──────── Data ────────

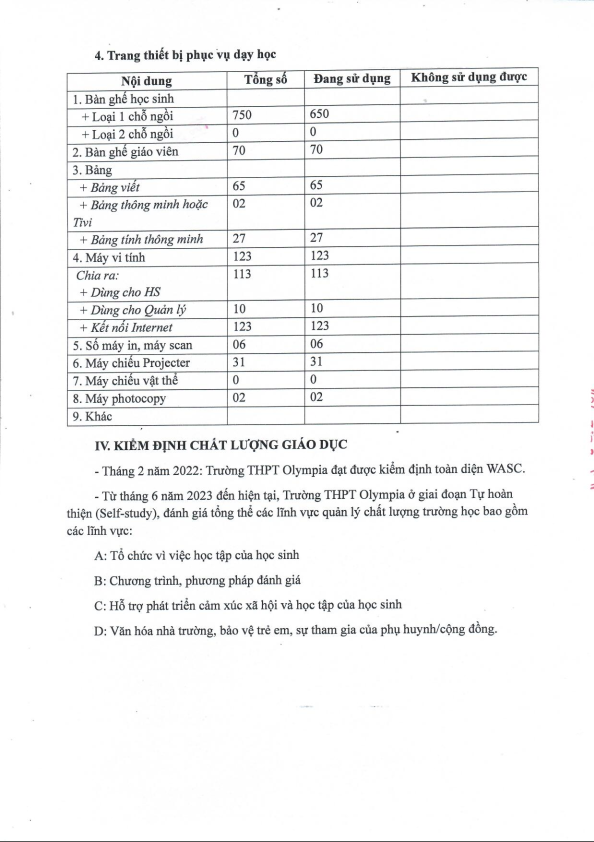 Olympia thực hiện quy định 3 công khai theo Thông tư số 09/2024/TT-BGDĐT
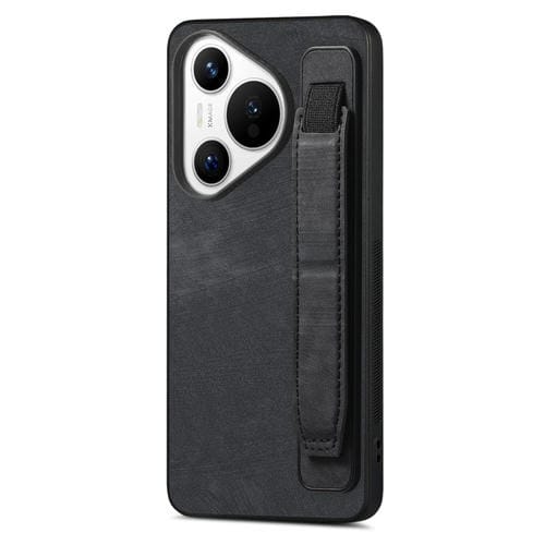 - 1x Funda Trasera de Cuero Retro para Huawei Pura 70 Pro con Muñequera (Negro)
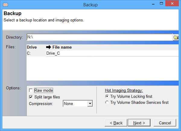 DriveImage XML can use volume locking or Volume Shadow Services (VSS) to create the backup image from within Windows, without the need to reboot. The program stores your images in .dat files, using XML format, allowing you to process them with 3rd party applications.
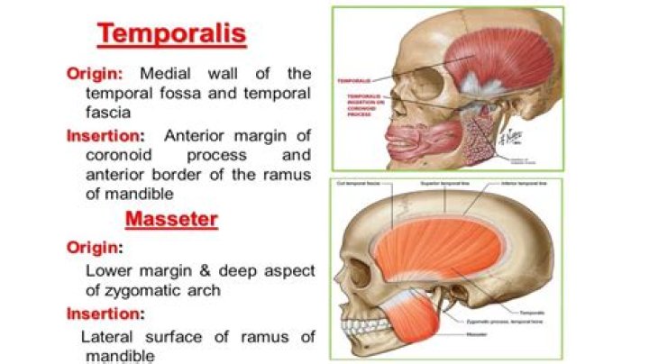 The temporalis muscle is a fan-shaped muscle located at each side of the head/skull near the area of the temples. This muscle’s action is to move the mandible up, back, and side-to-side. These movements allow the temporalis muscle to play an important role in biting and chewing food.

────────

» **Required action**:
Give back the whole listing as it stands, minus its pictures.

» **Output**:
 Olympia thực hiện quy định 3 công khai theo Thông tư số 09/2024/TT-BGDĐT
 - 1x Funda Trasera de Cuero Retro para Huawei Pura 70 Pro con Muñequera (Negro)
 DriveImage XML can use volume locking or Volume Shadow Services (VSS) to create the backup image from within Windows, without the need to reboot. The program stores your images in .dat files, using XML format, allowing you to process them with 3rd party applications.
 The temporalis muscle is a fan-shaped muscle located at each side of the head/skull near the area of the temples. This muscle’s action is to move the mandible up, back, and side-to-side. These movements allow the temporalis muscle to play an important role in biting and chewing food.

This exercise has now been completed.